De heerDuyvendak(GroenLinks)
Er was een amendement van 1 mln. Dit was geen motie, maar een amendement. Staatssecretaris Van Geel zei dat hij het in technische zin niet overnam, maar inhoudelijk wel. Dan mag de Kamer daaruit toch opmaken dat het miljoen daarvoor gereserveerd en hieraan uitgegeven wordt? Ik kan u wel Handelingen overleggen, waarin ik dit geconcludeerd hebt. Gaat het over het bedrag van 1 mln. heen; moet u terugkomen? Anders kunnen wij ook niet meer uitgaan van toezeggingen in plenaire debatten.
MinisterCramer
Ik zeg u toe dat ik hierop terugkom in een brief, bij voorkeur vóór het zomerreces.
De voorzitter:
In elk geval voordat wij gaan stemmen over het jaarverslag.
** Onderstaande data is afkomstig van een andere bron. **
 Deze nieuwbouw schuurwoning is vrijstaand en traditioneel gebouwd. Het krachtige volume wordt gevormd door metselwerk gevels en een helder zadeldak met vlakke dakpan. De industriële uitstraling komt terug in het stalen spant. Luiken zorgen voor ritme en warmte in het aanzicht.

De heerDuyvendak(GroenLinks)
Volgende week hebben wij een algemeen overleg over moties en toezeggingen. Dat lijkt mij het moment om er desnoods nog eens op terug te komen.
MinisterCramer
Dan krijgt u antwoord op de vraag of het miljoen, in de zin zoals u dat hebt geformuleerd, inderdaad is gereserveerd. Daarop komt het neer.
De voorzitter:
Ja, dat vindt de heer Duyvendak ook: daar komt het op neer.
MinisterCramer
U hebt gesproken over de 209 megatonnen. Dat is inderdaad gewoon een foutje. Als dit niet goed vermeld is, moeten wij dit even corrigeren.
De heerDuyvendak(GroenLinks)
Als het in het vervolg maar wel goed gaat.
MinisterCramer
Ik ben hierop kien geweest. Blijkbaar heb ik iets over het hoofd gezien.
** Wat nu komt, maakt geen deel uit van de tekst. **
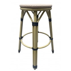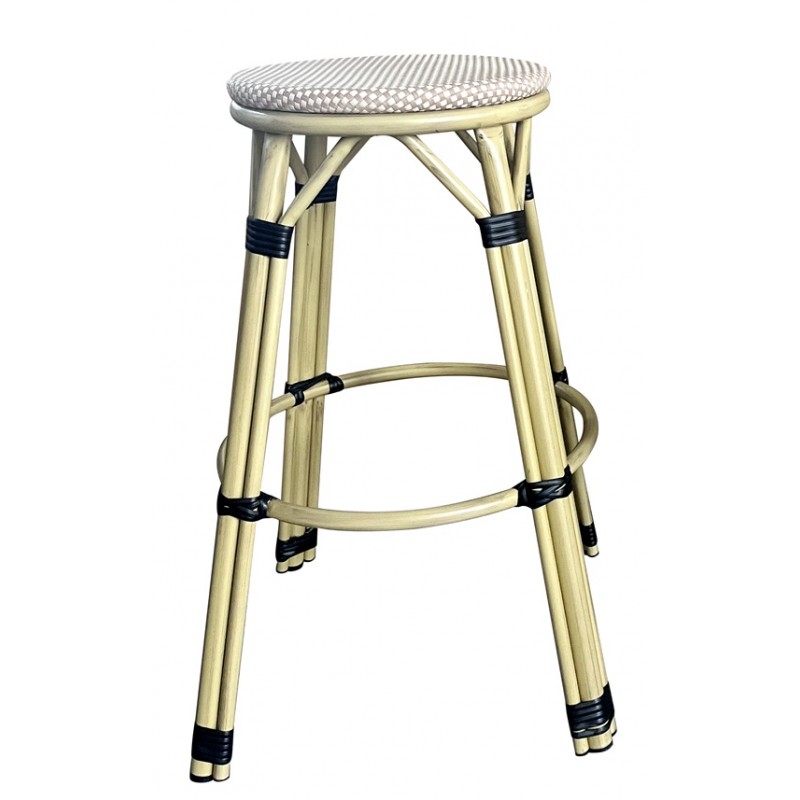 Designer barstool, aluminum, seat in beige and brown mesh. For outdoor and indoor use. Available in other colors. Armchair with same design.

Wat de heer Poppe heeft gezegd, valt mij toch echt van hem tegen.
De heerPoppe(SP)
Ik noemde u nog wel zo'n vrolijke en vriendelijke minister.
MinisterCramer
Dat is niet het enige wat u zei. U spreekt over een beloftemachine, en een SER-ladder die niet wordt toegepast. Ook zou ik de touwtjes niet in handen hebben. Dit is toch een grote lijst met punten die niet kloppen. De SER-ladder gaat wel worden toegepast, mijnheer Poppe.
De heerPoppe(SP)
U zegt "gaat wel worden toegepast". Ik heb er dus gelijk in dat dit nog niet wordt toegepast.
MinisterCramer
Voordat wij dit kunnen doen, moeten wij de zaak wel eventjes afstemmen met de provincies en gemeenten. In het kader van de nieuwe Wet ruimtelijke ordening wordt het wel opgenomen. Daarover wordt u binnenkort geïnformeerd.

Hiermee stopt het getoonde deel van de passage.